▶ **Given entries**
──────

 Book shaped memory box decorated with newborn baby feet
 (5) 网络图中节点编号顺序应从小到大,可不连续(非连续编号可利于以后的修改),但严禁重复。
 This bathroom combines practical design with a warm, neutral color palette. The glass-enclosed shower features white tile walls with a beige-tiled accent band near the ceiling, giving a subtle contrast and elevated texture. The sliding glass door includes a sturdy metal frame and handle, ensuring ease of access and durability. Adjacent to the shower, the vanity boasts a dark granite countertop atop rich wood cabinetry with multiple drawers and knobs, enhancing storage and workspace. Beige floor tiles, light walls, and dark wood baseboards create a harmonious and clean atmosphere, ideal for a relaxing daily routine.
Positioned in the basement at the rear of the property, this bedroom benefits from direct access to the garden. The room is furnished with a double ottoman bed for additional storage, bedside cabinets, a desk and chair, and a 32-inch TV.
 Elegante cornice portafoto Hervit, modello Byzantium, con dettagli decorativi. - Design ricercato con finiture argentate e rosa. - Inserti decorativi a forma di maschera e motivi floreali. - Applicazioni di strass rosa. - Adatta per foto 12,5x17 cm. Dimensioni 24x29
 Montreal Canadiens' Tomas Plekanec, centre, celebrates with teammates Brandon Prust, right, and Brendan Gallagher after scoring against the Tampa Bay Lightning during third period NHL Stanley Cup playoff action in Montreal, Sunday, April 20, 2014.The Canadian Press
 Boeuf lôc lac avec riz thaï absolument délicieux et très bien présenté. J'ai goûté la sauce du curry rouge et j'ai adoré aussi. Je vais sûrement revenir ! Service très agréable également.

──────

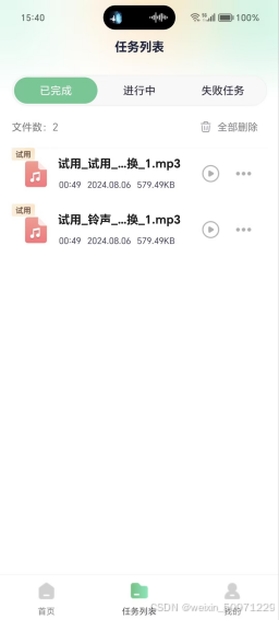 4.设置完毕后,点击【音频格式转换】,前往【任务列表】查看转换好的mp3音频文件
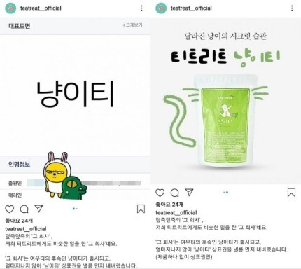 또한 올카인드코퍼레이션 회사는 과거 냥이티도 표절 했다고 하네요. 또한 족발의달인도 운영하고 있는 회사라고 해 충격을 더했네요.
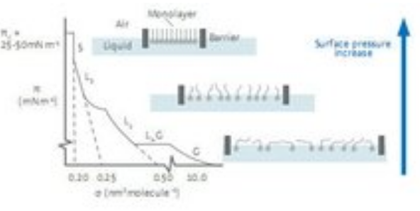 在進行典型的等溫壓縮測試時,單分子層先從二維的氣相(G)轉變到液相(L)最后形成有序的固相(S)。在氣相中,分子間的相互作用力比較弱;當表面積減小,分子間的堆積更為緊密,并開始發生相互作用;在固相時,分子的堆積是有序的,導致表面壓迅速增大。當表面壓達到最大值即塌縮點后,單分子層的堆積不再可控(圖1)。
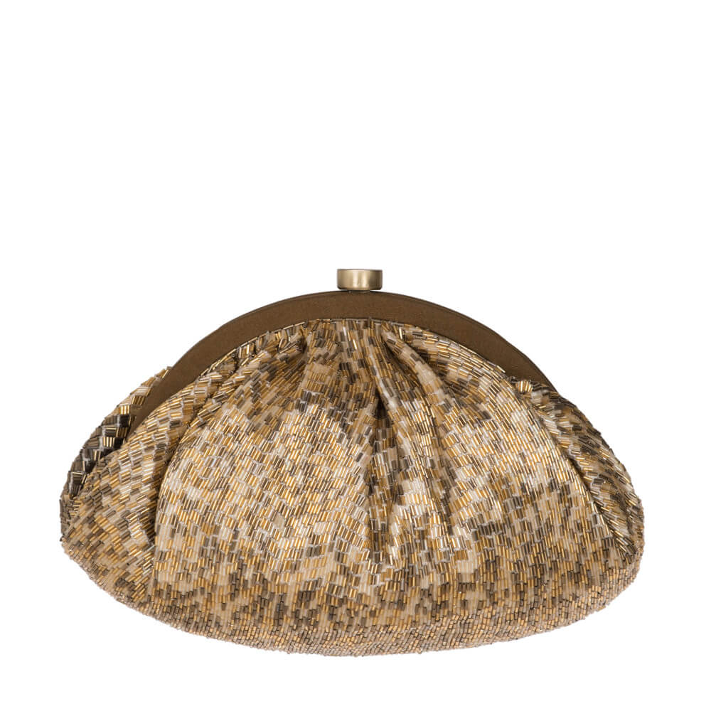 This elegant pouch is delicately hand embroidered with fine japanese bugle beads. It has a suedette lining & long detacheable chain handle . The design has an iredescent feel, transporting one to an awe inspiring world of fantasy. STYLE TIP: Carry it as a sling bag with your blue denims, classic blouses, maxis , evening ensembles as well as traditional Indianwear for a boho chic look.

──────

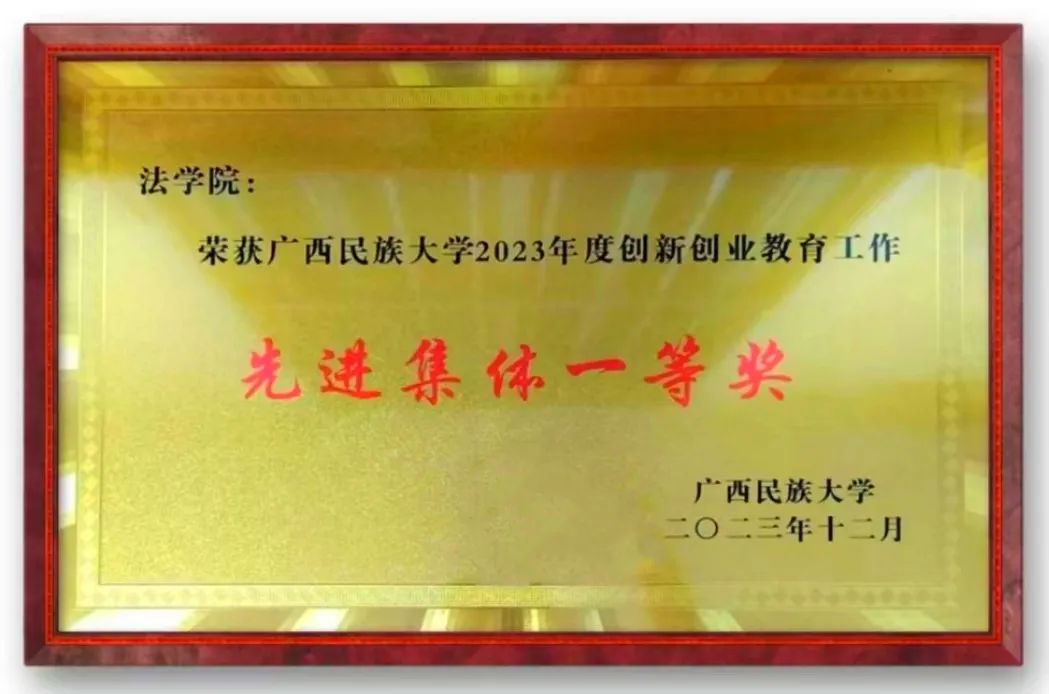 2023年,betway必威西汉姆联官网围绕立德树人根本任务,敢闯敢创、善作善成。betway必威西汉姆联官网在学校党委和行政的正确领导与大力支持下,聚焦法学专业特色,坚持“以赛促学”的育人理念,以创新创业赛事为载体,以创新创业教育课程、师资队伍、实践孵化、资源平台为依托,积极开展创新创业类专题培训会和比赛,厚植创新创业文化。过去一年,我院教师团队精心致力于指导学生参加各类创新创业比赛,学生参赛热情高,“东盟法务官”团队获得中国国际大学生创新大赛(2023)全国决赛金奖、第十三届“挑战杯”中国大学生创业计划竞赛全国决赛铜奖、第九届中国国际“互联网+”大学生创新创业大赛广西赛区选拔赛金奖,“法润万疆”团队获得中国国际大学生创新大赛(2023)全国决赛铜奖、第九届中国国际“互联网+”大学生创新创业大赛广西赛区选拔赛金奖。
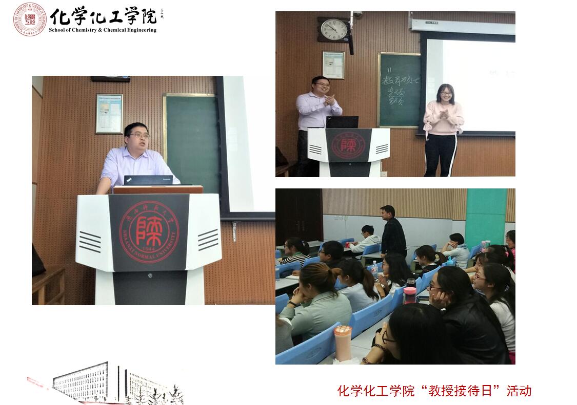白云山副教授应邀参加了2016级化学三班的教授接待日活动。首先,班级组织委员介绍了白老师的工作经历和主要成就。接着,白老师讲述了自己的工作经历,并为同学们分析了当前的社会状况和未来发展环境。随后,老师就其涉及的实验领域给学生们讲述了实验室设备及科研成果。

──────

▶ **What the exercise asks**
Look over the listing. Pull out every line with the string "storage" in it.

▶ **Solution to this task**
 This bathroom combines practical design with a warm, neutral color palette. The glass-enclosed shower features white tile walls with a beige-tiled accent band near the ceiling, giving a subtle contrast and elevated texture. The sliding glass door includes a sturdy metal frame and handle, ensuring ease of access and durability. Adjacent to the shower, the vanity boasts a dark granite countertop atop rich wood cabinetry with multiple drawers and knobs, enhancing storage and workspace. Beige floor tiles, light walls, and dark wood baseboards create a harmonious and clean atmosphere, ideal for a relaxing daily routine.
Positioned in the basement at the rear of the property, this bedroom benefits from direct access to the garden. The room is furnished with a double ottoman bed for additional storage, bedside cabinets, a desk and chair, and a 32-inch TV.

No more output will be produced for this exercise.